Generally, any operations related to time require additional
windows, and this requirement makes the storyboard editing method
more complex than the related art timeline editing method.
[0022] The related art storyboard method may not be a linear
approach, but it still has influence on the linear approach. For
example, the transition is defined as an indication to segue from
one video clip to another. Accordingly, only two video clips are
involved. This is a rule in linear editing methods. But, at
present, simultaneous processing of three video sources is required
to obtain good performance.

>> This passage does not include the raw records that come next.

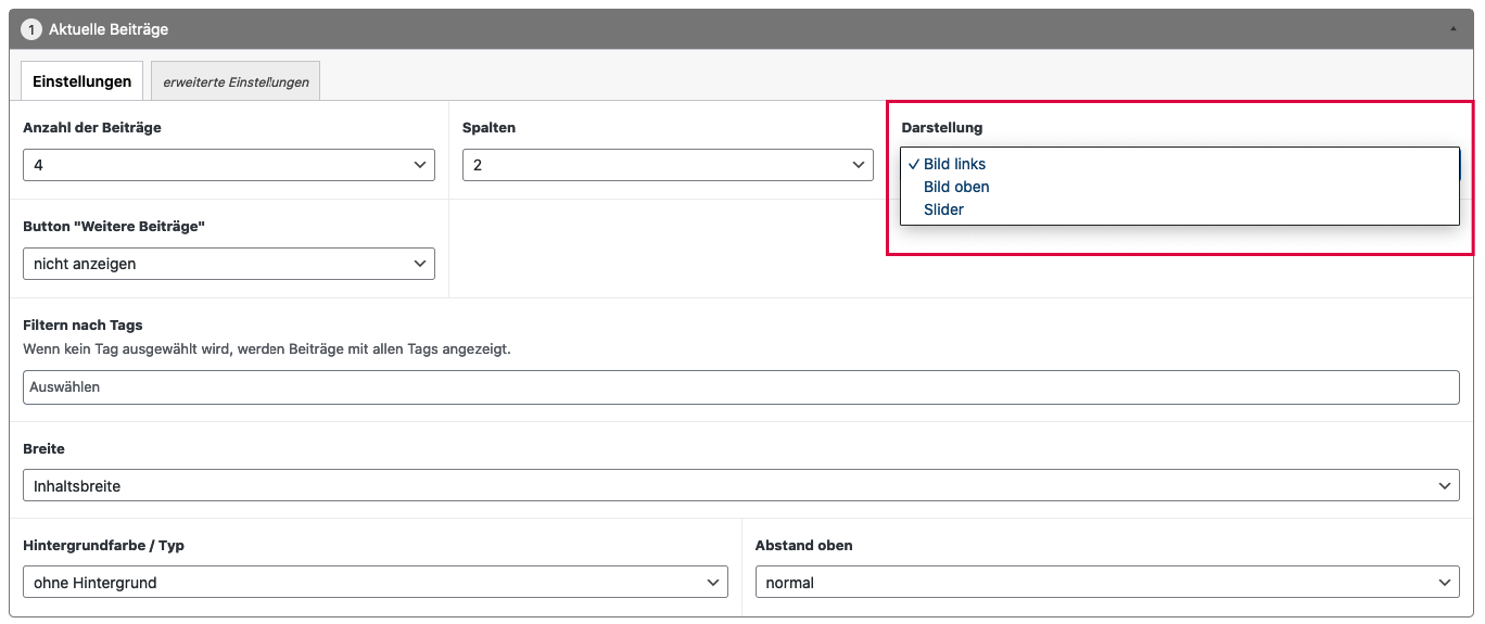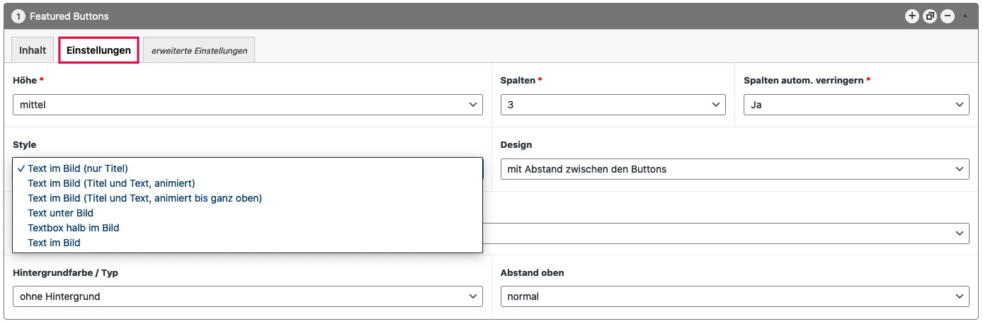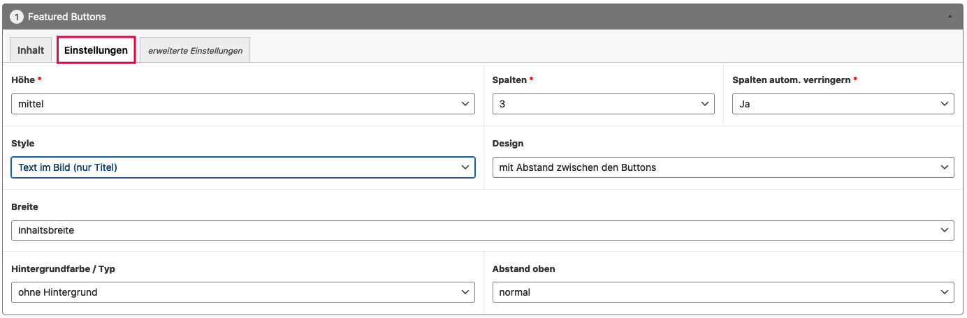 Diese Einstellungen finden sich im Inhaltseditor bei den jeweiligen Inhaltsblöcken im Tab „Einstellungen“ und definieren die allgemeine Darstellung des Inhaltsblocks auf der Website. Meist gibt es für den jeweiligen Inhaltsblock noch zusätzliche Einstellungen wie die Anzahl der Spalten, eine Mindesthöhe usw.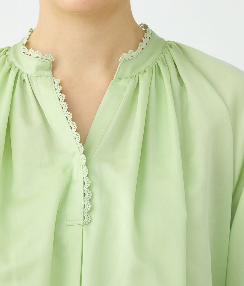 襟ぐりと袖口に細幅のレースをあしらったフェミニンな雰囲気の一枚。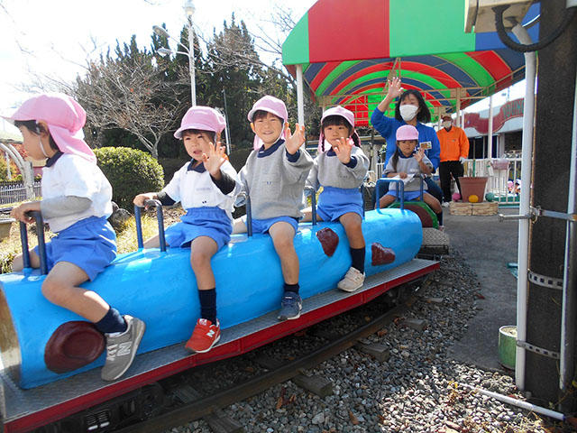 遠足は、初めての体験でしたが年少児は、にこにこ笑顔で、SL列車とアニマルティーカップとスゥィンギングベアーに乗りました。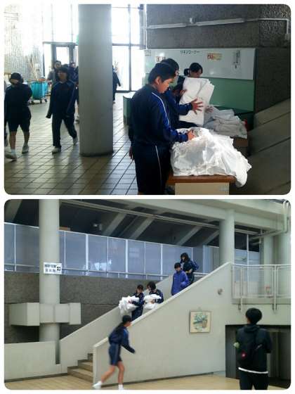 シーツを返却し、集いの広場に集合です。みんな急いで集いの広場に集まってきました。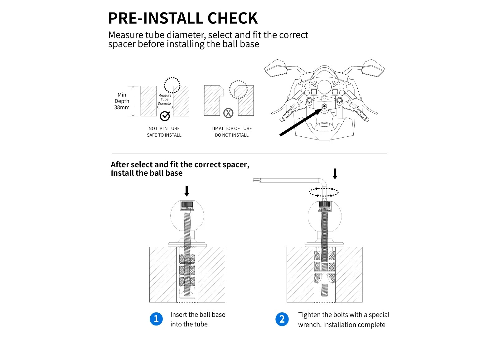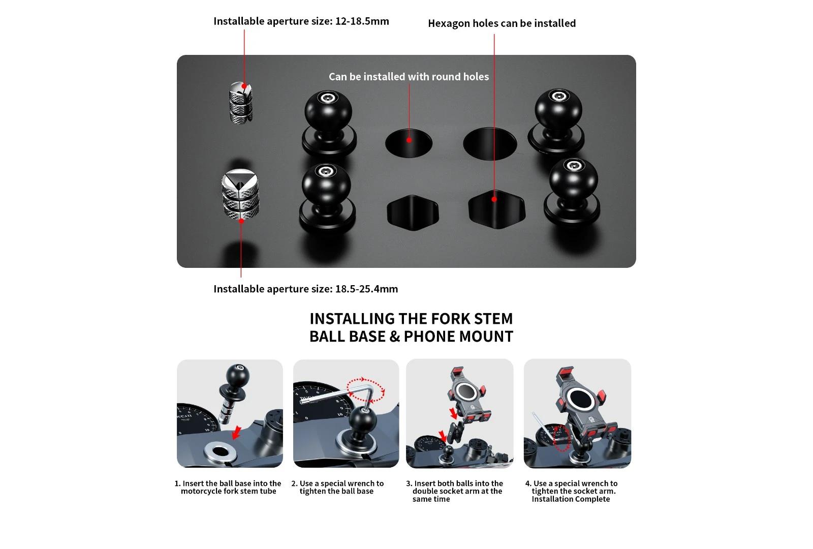SEFIS S-ball adapter into the neck of the steering 12mm-25.4mm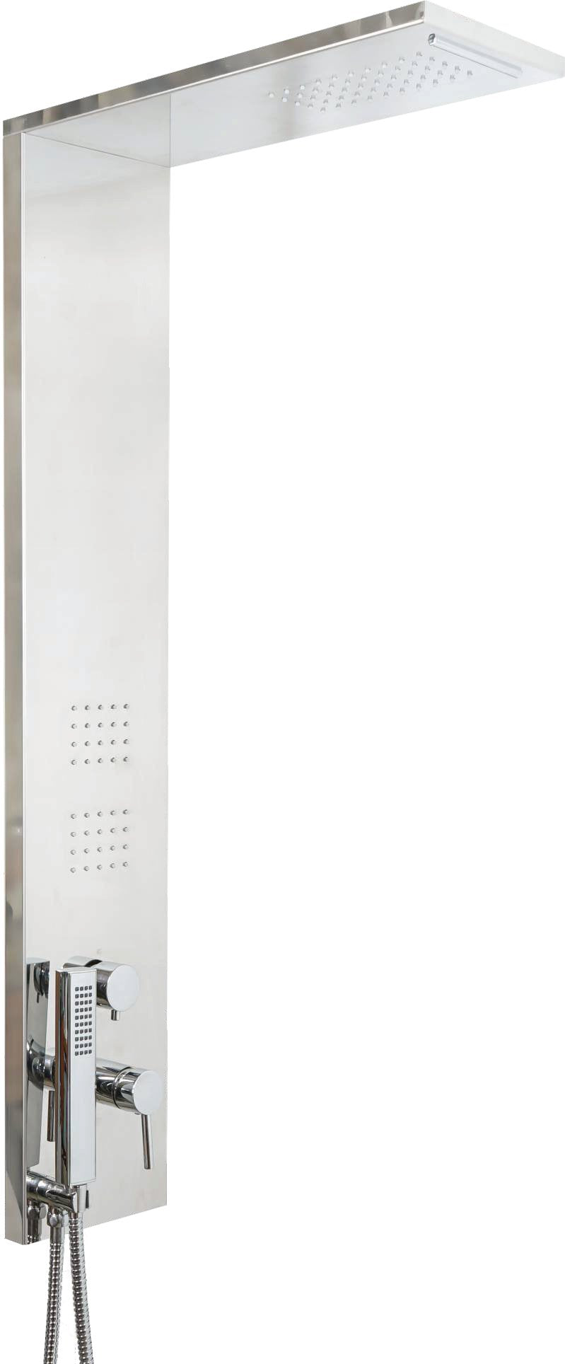 Colonna doccia multifunzione 4 funzioni selezionabili tra:soffione, getto effetto cascata, doccetta e getti orizzontali “massage” Con flessibile in acciaio inox doppia aggraffatura estensibile cm 150÷200 Pressione Min 1.5 bar - Max 5.0 bar Anticalcare, Getto pioggia e cascata verticale, Materiale in Inox 18/10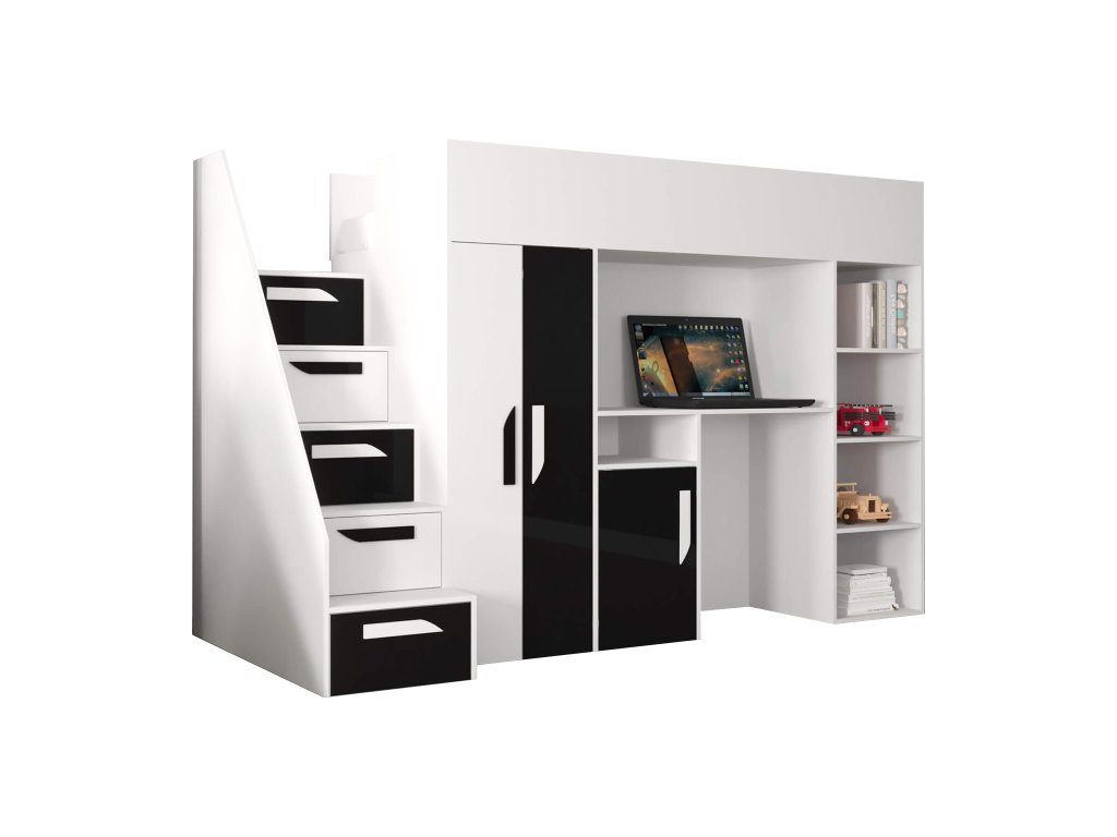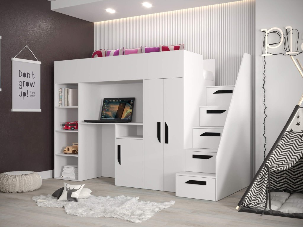 Ak hľadáte spôsob ako vyriešiť málo miesta v detskej izbe, multifunkčná posteľ Party 14 je to správne riešenie. Zakúpením klasickej detskej postele zabezpečíte pre Vaše dieťa len miesto na spanie. Táto posteľ ponúka oveľa viac - lôžko, písací stôl (s dvoma policami), šatníkovú skriňu (s troma policami) a päť šuplíkov. Telo postele je vyrobené z matnej laminovanej dosky o hrúbke 16 mm a čelo z leskej DTD. Okraje sú starostlivo upravené s 0,5 mm PVC dýhou. Posteľ je univerzálna, a tak môže byť postavená ako pravá alebo ako ľavá.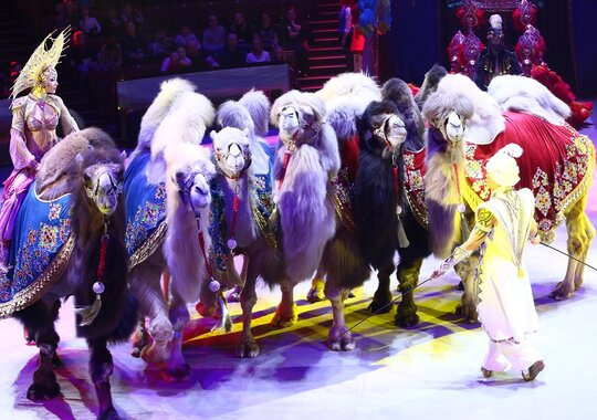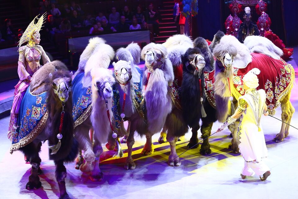 Во время представления абсолютно каждый сможет побывать в разных историях: всё начинается с восточного базара, плавно переходящего к путешествию во дворец Шейха и каравану величественных верблюдов, которые рисуют витиеватые узоры на манеже. А оказавшись в пустыне, зрители вместе с главным героем увидят завораживающих скорпионов – акробатов на джамперах, после чего очутятся в замке самой настоящей принцессы, которая играет с самоедами и далматинами. Зрители попадут в «логово паука», где акробаты на мачте выполняют головокружительные трюки, а также воображение аудитории впечатлят групповые жонглеры на моноциклах и многое другое! Каждый номер в шоу достоин отдельного внимания. Чего только стоит уникальный номер жонглеров-эквилибристов на шарах, аналогов которому нет в мире! На манеже представлены различные жанры — от эквилибра и акробатики до дрессуры.
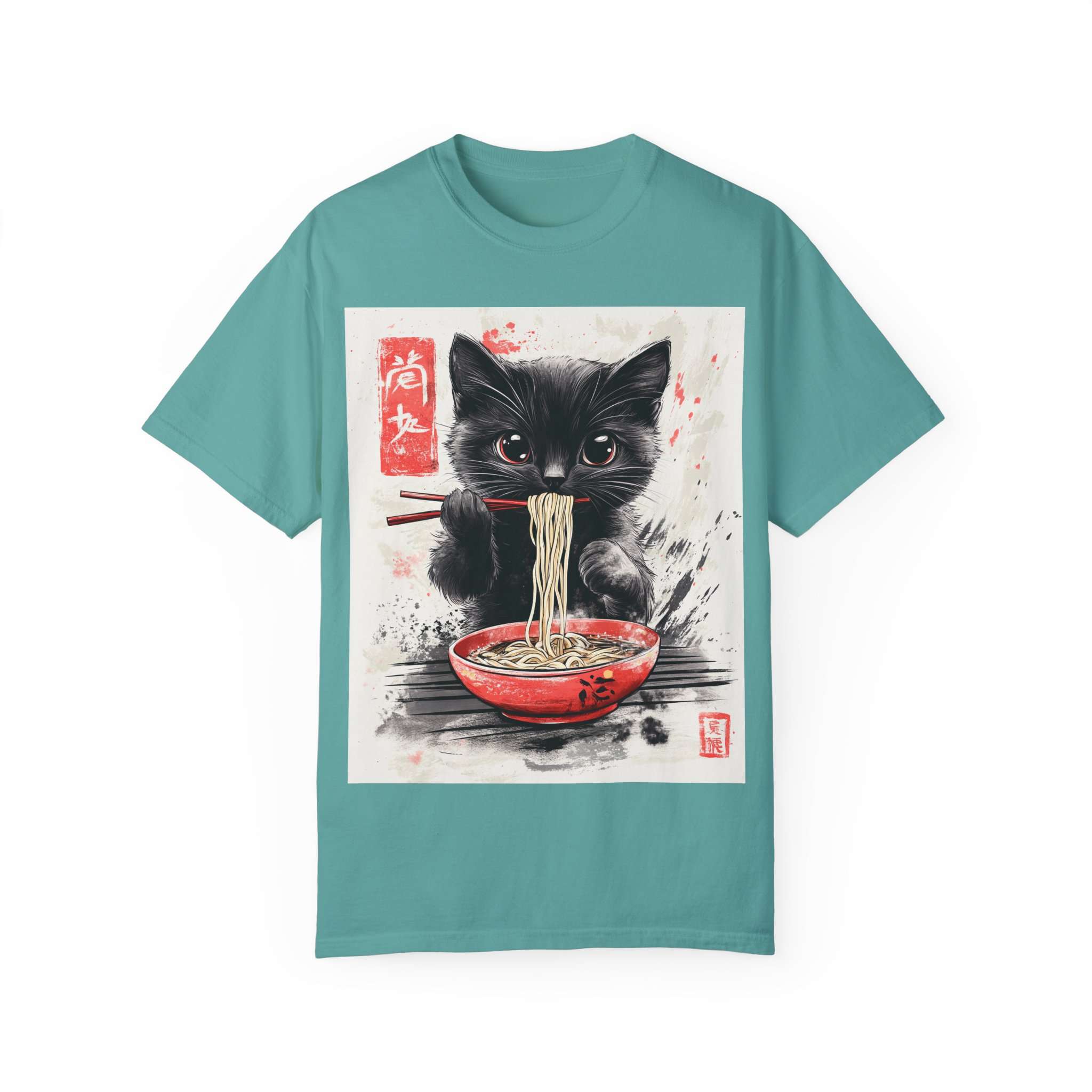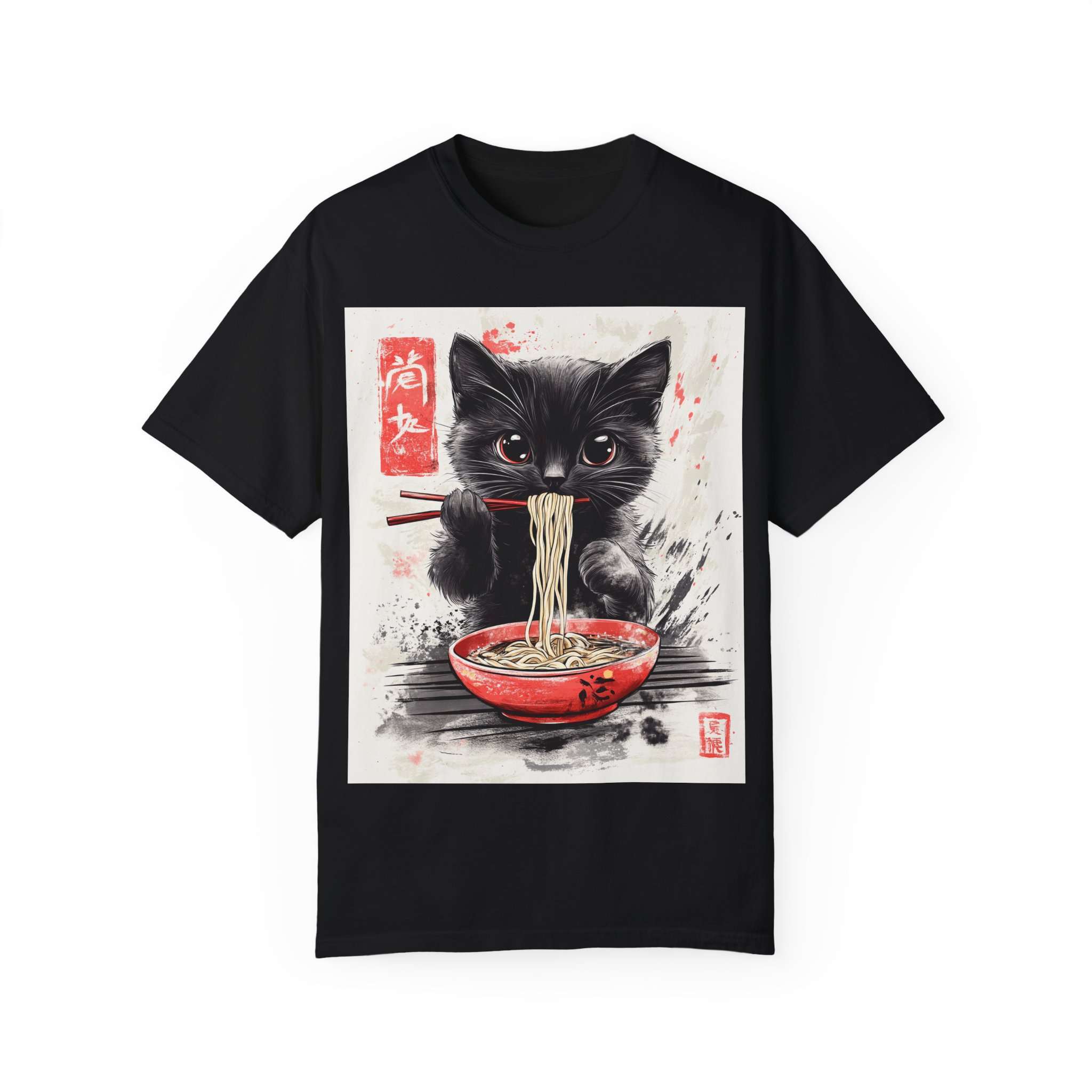 • Cat Ramen Design: An adorable and quirky graphic of a cat enjoying a bowl of ramen, perfect for cat lovers and food enthusiasts alike.

Thus, the related art fails to meet the
performance requirement for video editing.
SUMMARY OF THE INVENTION
[0023] The present invention provides a task-oriented nonlinear
hypervideo editing method and apparatus for efficiently performing
an editing process by providing a novel descriptor language for
user's editing actions, dynamically controlling the editing
process, and expressing the results of the edition in the XTL.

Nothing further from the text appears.